PS: being cynical was originally referring to Cynic, that Greek bum who lived with dogs and had a great heart, but little hope about humanity. Somebody said recently somewhere, probably in the comments, that cynicism was probably the least offensive option for someone to answer/confront an evil doer.
Thich Nhat Hanh, that little Vietnamese monk who lived for many years in France and just passed away 6 days ago, would have said one word: « kindness ». In fact, he was embodying kindness.
One about France, truth and freedom: “franc” was the name of the “free people” after the Roman invasion was over. « Franc » also means sincere.
I believe that you might be mistaken, the word Franc comes from the Franks, which were the Germanic northern invaders of the territory which is France today. The Franks oppressed the Latin peoples of that territory, so they were the “free people”, like all slaveowners.
Yes Andrei, you’re right about the Franks as being northern invaders, from nowadays Scandinavia through Germany, Netherlands and France. I just got to learn that the franks were civilized by the Romans, who were still ruling then, and turned them into their administrators, as they had done before with the Celtic « Gaulois ».
The romans knew already the art of manipulation, subjugation and delegation.
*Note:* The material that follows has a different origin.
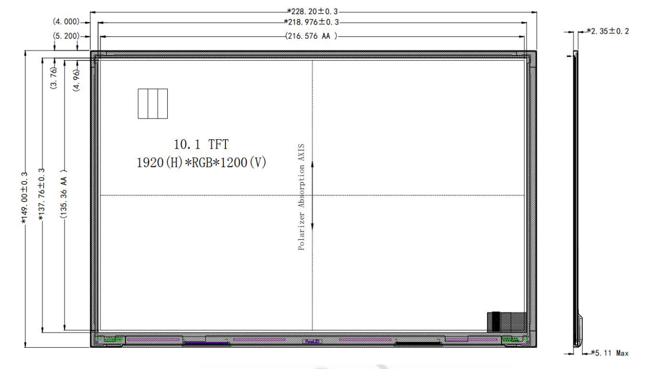 228.2x149x2.35 | 10.1 | 10.1 | 216.576x135.36 | IPS全视角 | 1000cd/m2 | FFC-30 pin | eDP | 防静电ESD 8KV | -20~70℃ | +3.3 V | ||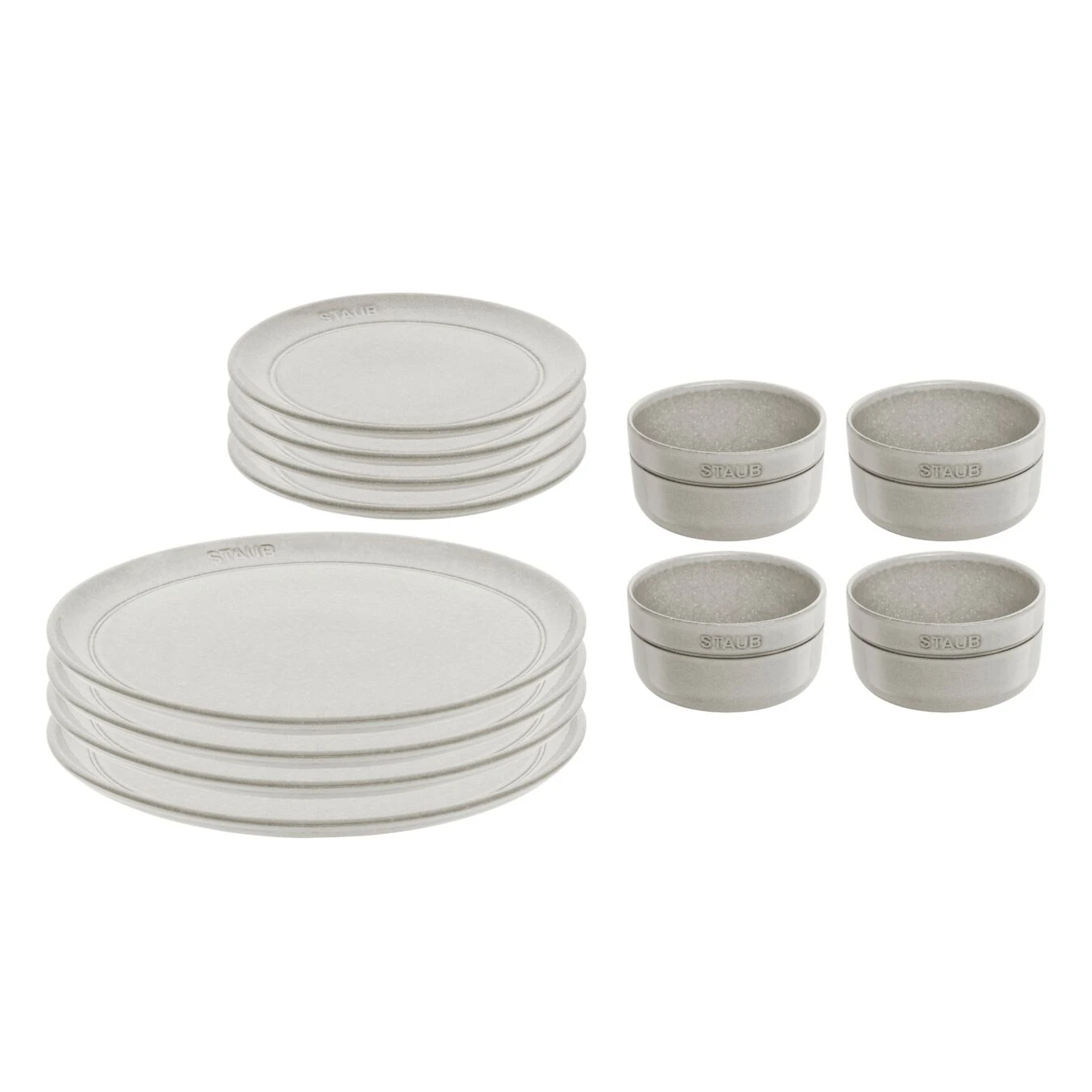 This ceramic dining crockery set consists of 4 26cm dinner plates, 4 22cm side plates and 4 12cm bowls in the colour white truffle, named after the rare and exclusive fungus.

In one word, corruption.
Thanks Andrei to bring some realism to my romantic picture of what «free people» means.
Though « Not-slave » sounds less generalizing or systematic than «slave owners».
I realize that it must have been common place to be, in a slave depending society, either slave or slave owner.
My mind still entertain the pleasing picture of a nomadic people « avec l’esprit d’aventure « who broke free from Vikings slavery… yeah yeah yeah…
More likely to be murder, plunder and oppression, dominance and submission. Pressured cooperation.
Fuck or be fucked. Excuse my French.
Invasions don’t happen without force usually. Although if you watch the little house in the prairie you might think otherwise. I heard that black people in America were slaving back in the day to pay off the shipping… Kind of like you end up washing dishes after you had your meal at the restaurant and no money in your pocket. That simple. No sweat.
Slavery went apparently and morally out of fashion with the spreading use of money and machines.
By the way, as I was checkingWikipedia quickly to pretend I know what I am talking about, I found a paragraph that brings our Franks to the core of our conundrum. According to history, the franks would have kicked back the Muslims invasion from Europe. The suggestion is that, without that event, there would have been no development of science, industry, « pas de lumières « , no globalist liberalism, no evil geniuses. Thanks Franks!…
That said, that kind of reasoning « if we hadn’t done that, we wouldn’t be here now » is both true and false.
Not easy to embrace all that… the light and the dark. The rise and fall.
A bit of B.S helps.
Thanks for keeping me in check though.
Dear Ramin,
I like your comments and analysis as much as you seem to love France which by the way is my motherland.
I’d just would like to point out that the people who love Macron are not the aristocrats or the monarchists they are the upper bourgeoisie and bankers who initiated 1789 and benefited of the ultimate chaos till today. The monarchists who I respect would never back a narcissist psychopath as the little despot who sold off the best French companies and brag that there is no French culture. I pity this man who may have a dramatic ending in the coming months.
I’m definitely going to buy your book about my blood brothers the gilets jaunes that even Nostradamus mentioned in one of his eleventh centuries.
May your God and Mine help us in these eschatological times.